Şu anki halimle eğer yakalanmazsam hem onlar mutlu hem ben, bunu okuyan herkes eminim bunu korkaklık ve eziklik olarak adlandıracaktır ve evet bunun ismi düpedüz o belki de. Her gün kumar oynamayı belki bir gün, belki bir hafta, belki yıllarca yüzleşeceğim o tepkiyle yüzleşmeye tercih ediyorum işte. Tepkilerini tam olarak tahmin edemesem de ağır olacağından eminim, babam bir şekilde kabul ederdi beni ama annemin başörtüsü konusundaki görüşleri oldukça katı, babam da annemin üzülmesini istemez.

Kızının da üzülmesini istemez ama sonuçta inançlı birisi ve kızı üzülse de bu yükümlülüğü yapması gerektiği konusunda anneme hak verebilir o mahvoluşunu gördüğünde gerçekten hem ne yapacağımı bilmiyorum, hem kötü hissediyorum, hem de hiçbir zaman olmadığı kadar harika hissediyorum tıpkı bir hızlı trene binmişim gibi…

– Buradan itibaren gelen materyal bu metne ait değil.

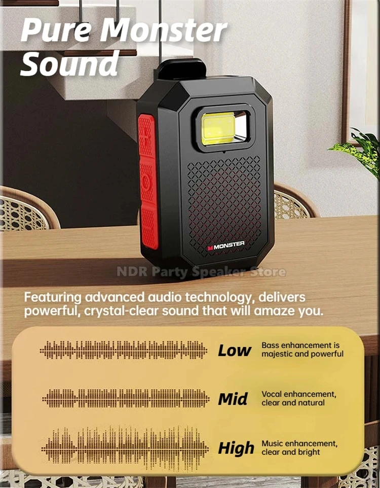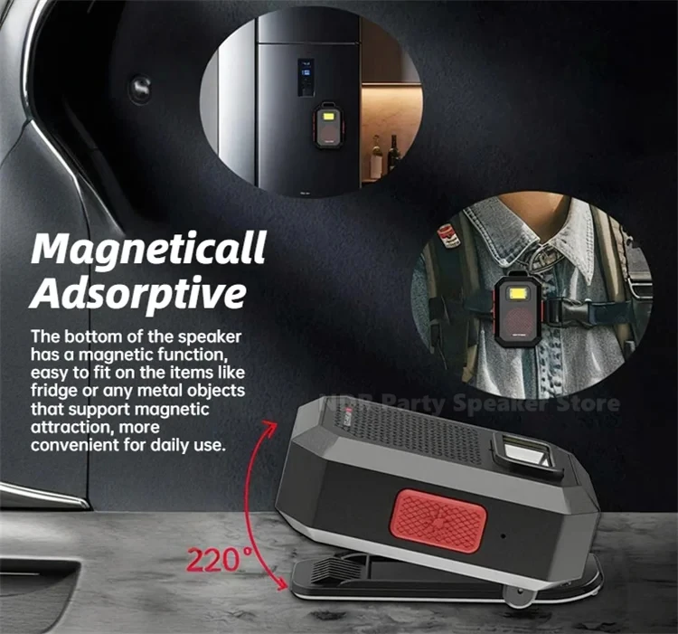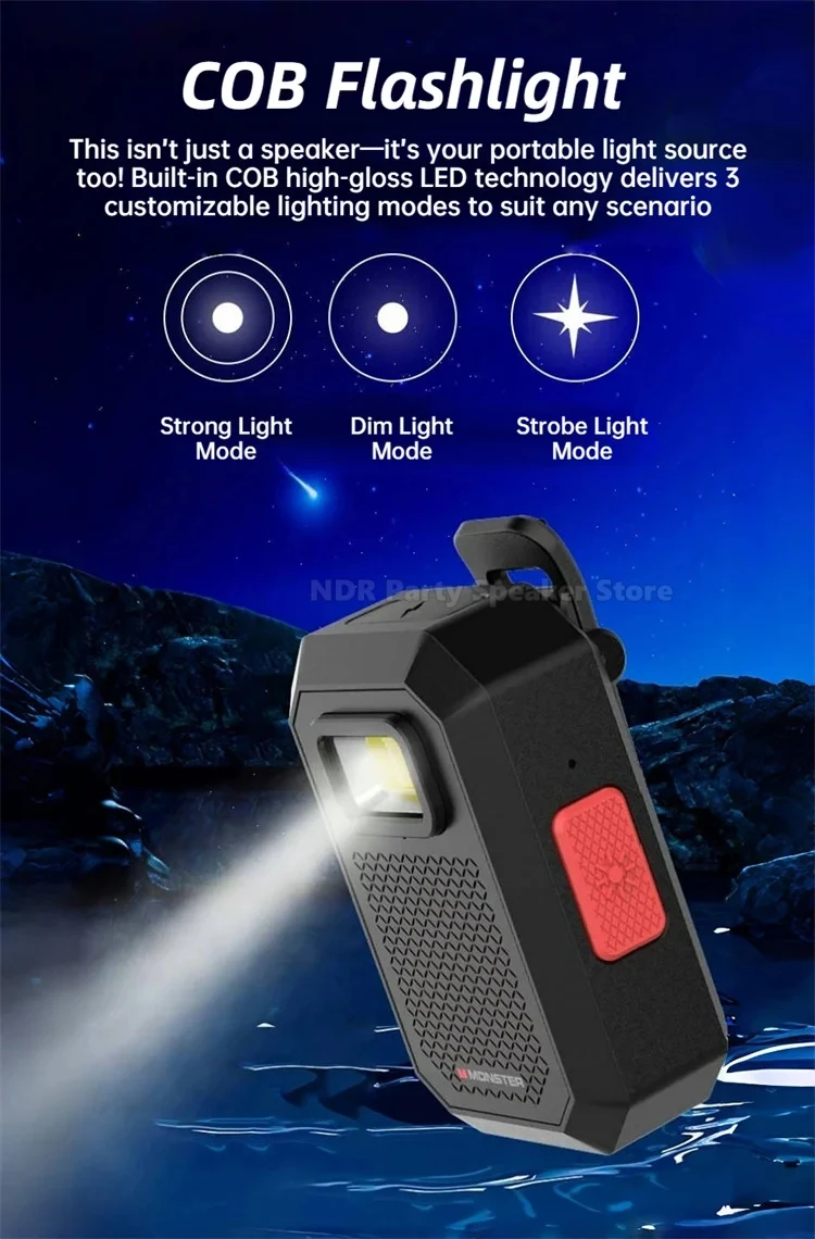 [Linterna COB] Esto no es solo un altavoz: ¡también es su fuente de luz portátil!La tecnología LED COB de alto brillo incorporada ofrece 3 modos de iluminación personalizables para adaptarse a cualquier escenario:

“Olay artık herhangi biri olabilmem” için 4 yanıt

  1. ben 18 yasındayım açıldım ve anne ve baba olarak tamamen aynıyız, annem çok hassas. Keşke açılmasaysım, annem sürekli üzüntü krizi geçiriyor bana tek başıma dışarı çıkma yasağı verdi bugün, keşke kendi ekonomık ozgurlugum ve barınabilecek bi yerin oldugunda açılsaydım, çok zor gerçekten

    • Annen sana duygu sömürüsü, manipülasyon, psikolojik baskı yapıyor. Karşısında eğilip bükülmeden, son cümlende yazdığı gibi “keşke daha sonra açılsaydım” demeden dimdik durursan artık bu tiyatrosunu bırakır. Böyle oyununa gelirsen, devam eder, çünkü işe yaradığını görüyor. Umursamaz bir tavır sergile. Tekrar kapanırsan, ikinci açılma denemen daha zor olacak ve yine aynı manipülasyon tiyatrosuna başvuracaklar. Değişen bir şey olmayacak, sen sadece olacakları bir kaç yıl ertelemiş olacaksın.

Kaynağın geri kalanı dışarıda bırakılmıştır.